What to work on
Search the entries for lines with the string "from" and say how many there are, giving only the number.

Source data
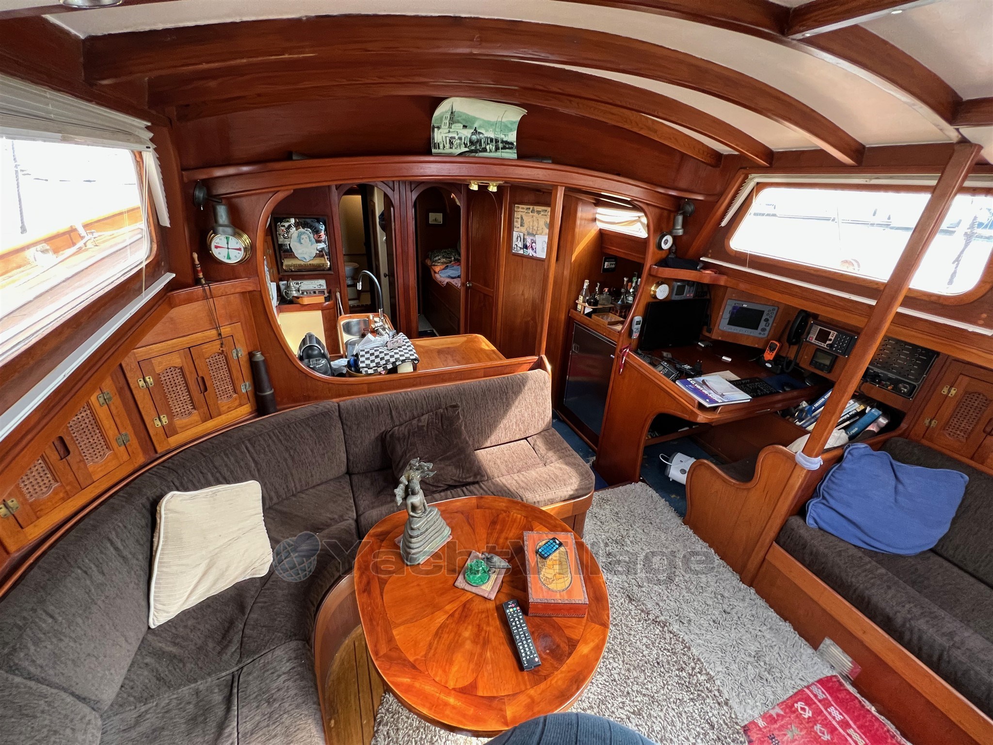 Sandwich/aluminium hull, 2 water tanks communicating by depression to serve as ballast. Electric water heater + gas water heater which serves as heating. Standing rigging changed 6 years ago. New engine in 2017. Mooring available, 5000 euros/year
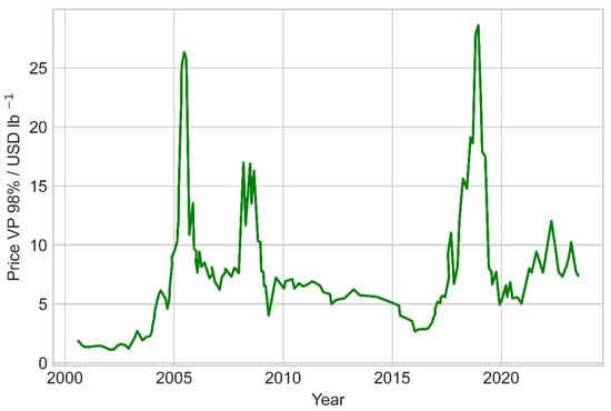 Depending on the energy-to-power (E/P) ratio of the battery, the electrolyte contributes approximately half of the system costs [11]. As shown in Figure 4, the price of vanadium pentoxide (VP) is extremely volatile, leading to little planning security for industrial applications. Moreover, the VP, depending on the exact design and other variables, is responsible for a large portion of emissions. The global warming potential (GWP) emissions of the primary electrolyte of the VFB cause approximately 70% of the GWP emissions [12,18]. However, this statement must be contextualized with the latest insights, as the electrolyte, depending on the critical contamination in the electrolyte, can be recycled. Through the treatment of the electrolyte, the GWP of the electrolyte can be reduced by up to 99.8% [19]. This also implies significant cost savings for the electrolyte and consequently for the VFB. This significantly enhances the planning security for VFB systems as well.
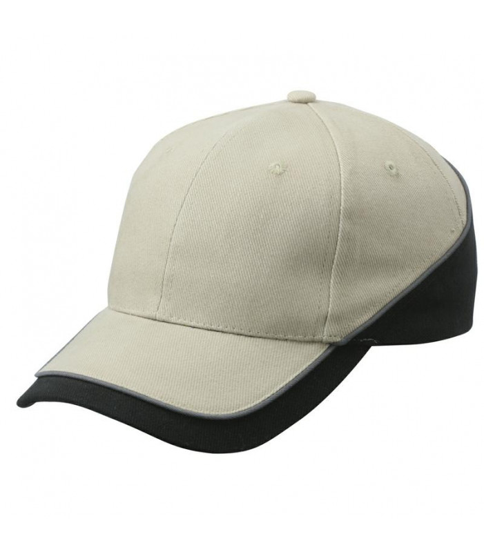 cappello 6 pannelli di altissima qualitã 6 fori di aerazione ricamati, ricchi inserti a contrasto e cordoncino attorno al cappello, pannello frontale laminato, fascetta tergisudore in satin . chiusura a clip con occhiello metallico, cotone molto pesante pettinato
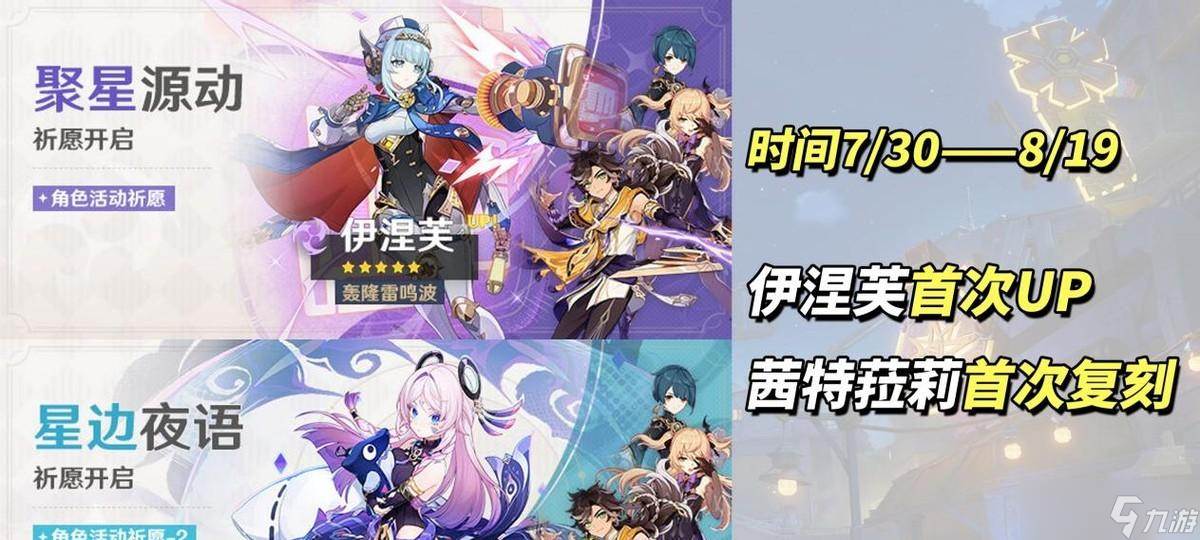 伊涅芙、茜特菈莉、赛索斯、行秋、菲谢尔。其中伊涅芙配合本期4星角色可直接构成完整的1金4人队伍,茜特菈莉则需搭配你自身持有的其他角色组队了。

--

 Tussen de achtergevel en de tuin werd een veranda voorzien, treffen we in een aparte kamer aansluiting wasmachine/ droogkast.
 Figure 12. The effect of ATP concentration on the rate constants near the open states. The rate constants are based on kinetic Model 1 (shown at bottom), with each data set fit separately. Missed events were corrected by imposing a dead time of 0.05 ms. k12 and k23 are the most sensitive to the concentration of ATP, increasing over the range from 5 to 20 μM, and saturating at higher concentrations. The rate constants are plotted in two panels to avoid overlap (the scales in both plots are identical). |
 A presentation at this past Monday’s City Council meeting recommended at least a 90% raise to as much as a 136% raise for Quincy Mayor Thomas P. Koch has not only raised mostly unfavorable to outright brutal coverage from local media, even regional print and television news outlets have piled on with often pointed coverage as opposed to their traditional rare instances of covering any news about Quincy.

--

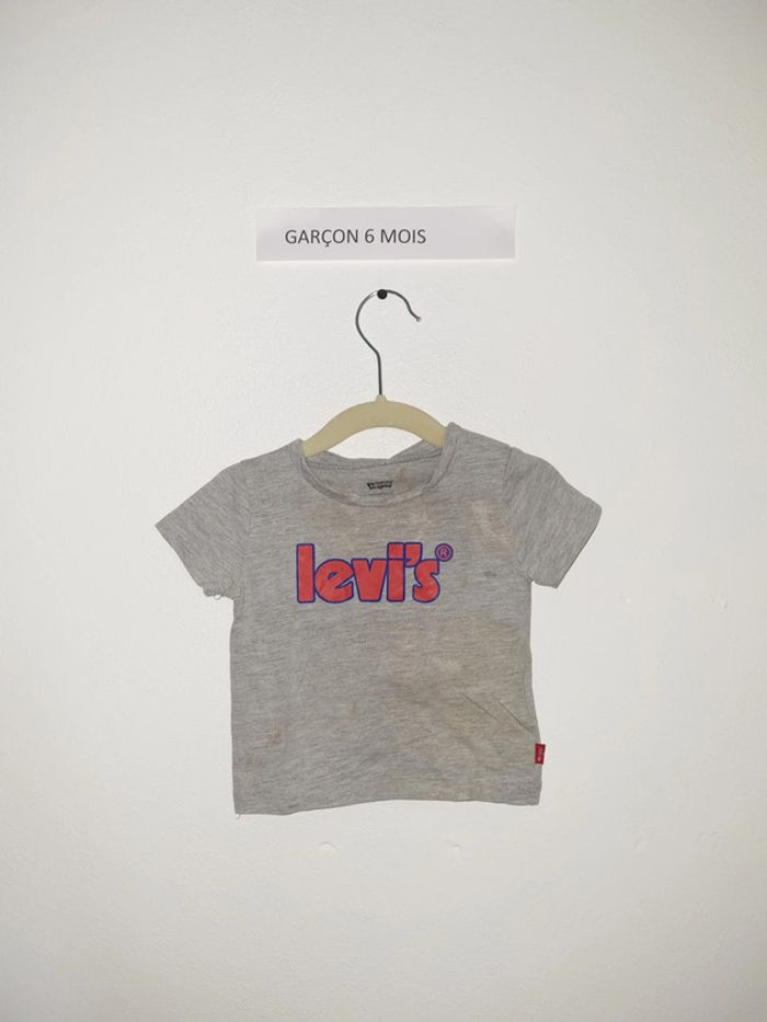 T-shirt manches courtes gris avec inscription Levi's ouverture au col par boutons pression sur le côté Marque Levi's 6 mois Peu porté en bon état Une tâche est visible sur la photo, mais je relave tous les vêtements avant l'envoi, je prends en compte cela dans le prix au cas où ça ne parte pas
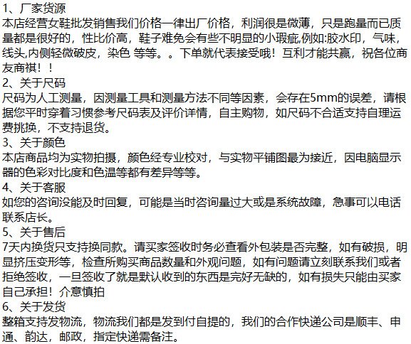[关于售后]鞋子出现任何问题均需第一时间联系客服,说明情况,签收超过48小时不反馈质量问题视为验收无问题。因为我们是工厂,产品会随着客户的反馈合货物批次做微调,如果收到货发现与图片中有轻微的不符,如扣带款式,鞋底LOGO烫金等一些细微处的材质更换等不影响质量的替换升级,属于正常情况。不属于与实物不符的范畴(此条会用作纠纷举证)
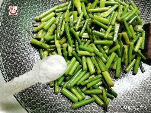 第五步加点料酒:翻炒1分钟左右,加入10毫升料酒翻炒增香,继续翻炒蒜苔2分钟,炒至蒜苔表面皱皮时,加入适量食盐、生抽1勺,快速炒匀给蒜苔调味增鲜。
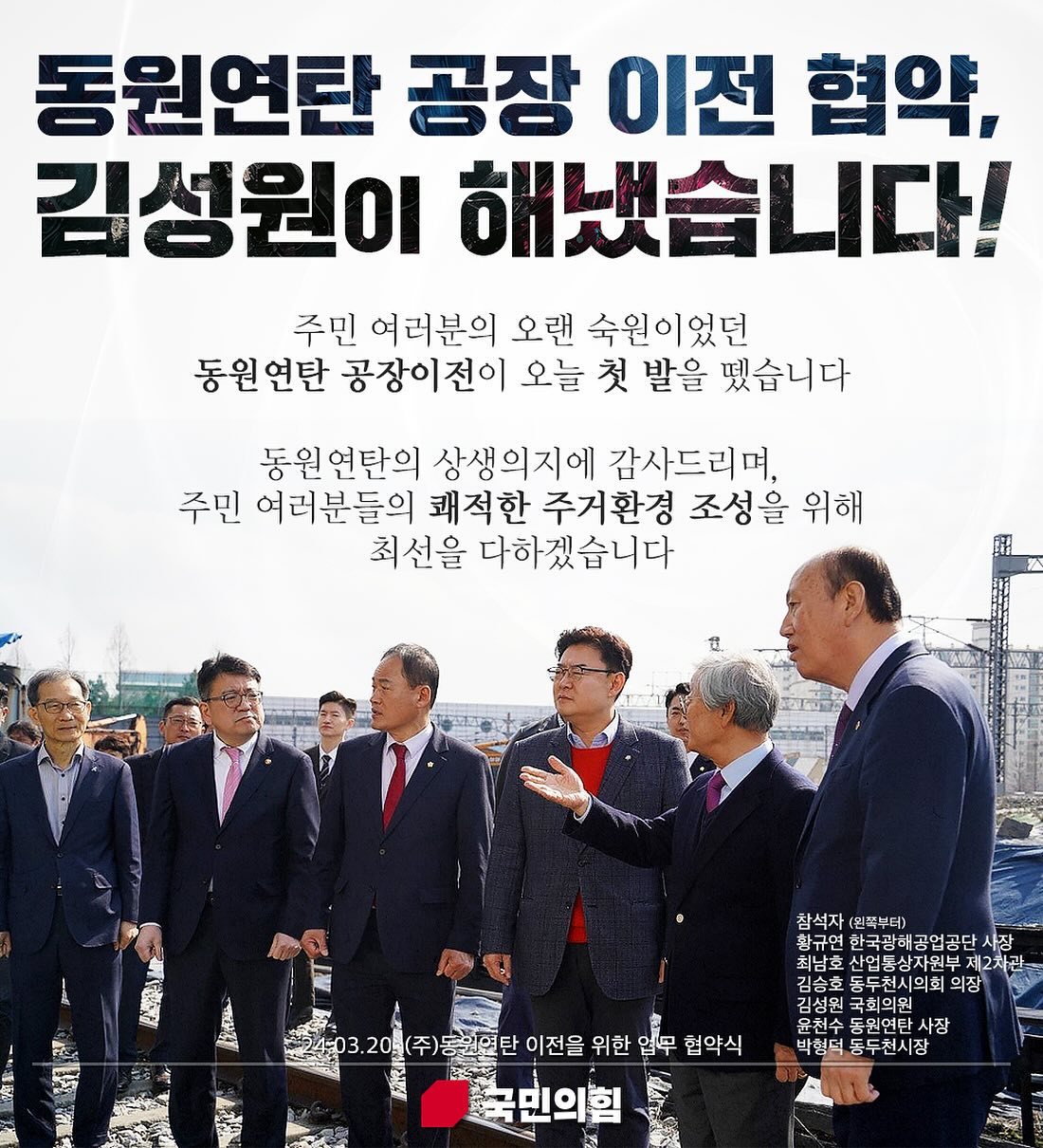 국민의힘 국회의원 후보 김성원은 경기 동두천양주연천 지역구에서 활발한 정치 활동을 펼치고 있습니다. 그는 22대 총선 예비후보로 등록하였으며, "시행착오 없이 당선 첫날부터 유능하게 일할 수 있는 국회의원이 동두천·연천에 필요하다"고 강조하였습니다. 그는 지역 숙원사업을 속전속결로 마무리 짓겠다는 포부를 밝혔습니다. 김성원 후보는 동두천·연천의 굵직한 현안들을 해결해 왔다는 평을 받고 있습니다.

Output
2